Тропарь расхохотался:
— Зачем спрашивать? Я видел их лица и взгляды, слышал, о чем они шептались у меня за спиной, — и этого мне вполне хватает. Ты чересчур наивен, чародей. Даже для чародея — чересчур!
Весь день они провели в молчании. Верблюды тревожно ревели и несколько раз норовили улечься, но, погоняемые ударами палок, продолжали идти дальше. К вечеру на горизонте, по-прежнему затянутом серой пеленой (или — уже Пеленой?..) показался замок. Точнее, развалины замка, что выяснилось, когда путники подъехали ближе.
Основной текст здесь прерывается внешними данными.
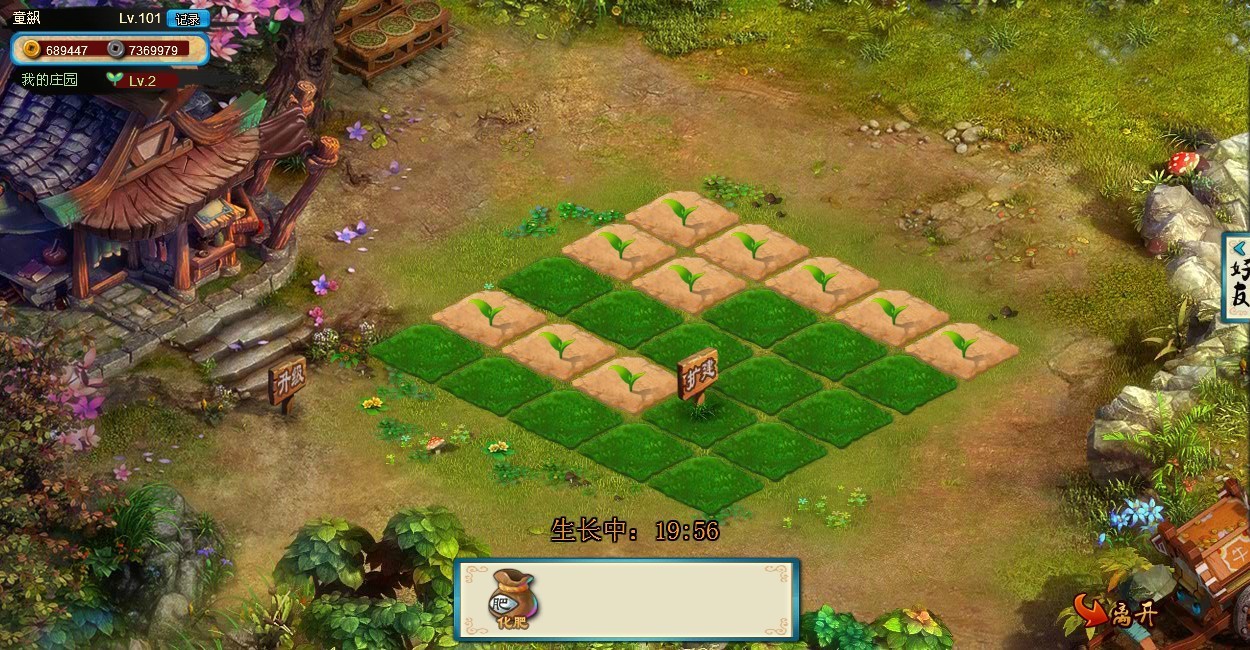 点击家园按钮可以进入另一个龙狼三国的特色系统——百草园,在这里我们可以通过种菜获取银币,到好友的菜园帮忙或偷菜。后期还会加入各种特殊种子,各种百草园装饰,打造属于自己的一遍小天地。

— Ль'Атэкова берлога, — сообщил тропарь. — Одного из местных баронишек. Видно, сидел до последнего, трясся над фамильными стенами — и за ними. А потом либо так и подох в собственном замке, либо, удирая отсюда, напоролся на зандробов. Давно уже никаких новостей не было ни о нем, ни о его людях.
— До Пелены же еще день пути…
— Ага. Для нас с тобой. А для пустунов и зандробов — и того меньше. Они, знаешь, человечинку-то чуют и с большего, чем досюда, расстояния. Им это — как мотылькам фонарь в окне. Ладно, неча трепаться. заночуем вон на том холме. В замок и заезжать не будем, а то наверняка на какую-нибудь пакость нарвемся. Зандробам такие места как медом намазаны, оно и понятно: и укрывище какое-никакое, и ледники небось у барона не пустыми остались. И стол, и дом, как в песне поется. Жалко, конечно, барахлишка, что там осталось, бесхозное, но я лично и без него проживу. Без него — даже скорее, чем с ним, — желчно засмеялся тропарь. — Но слышь, ты сегодня получше круг черти, потщательней. Кто б в замке ни сидел, а наведаться к нам наведается, обещаю. И если их будет слишком много…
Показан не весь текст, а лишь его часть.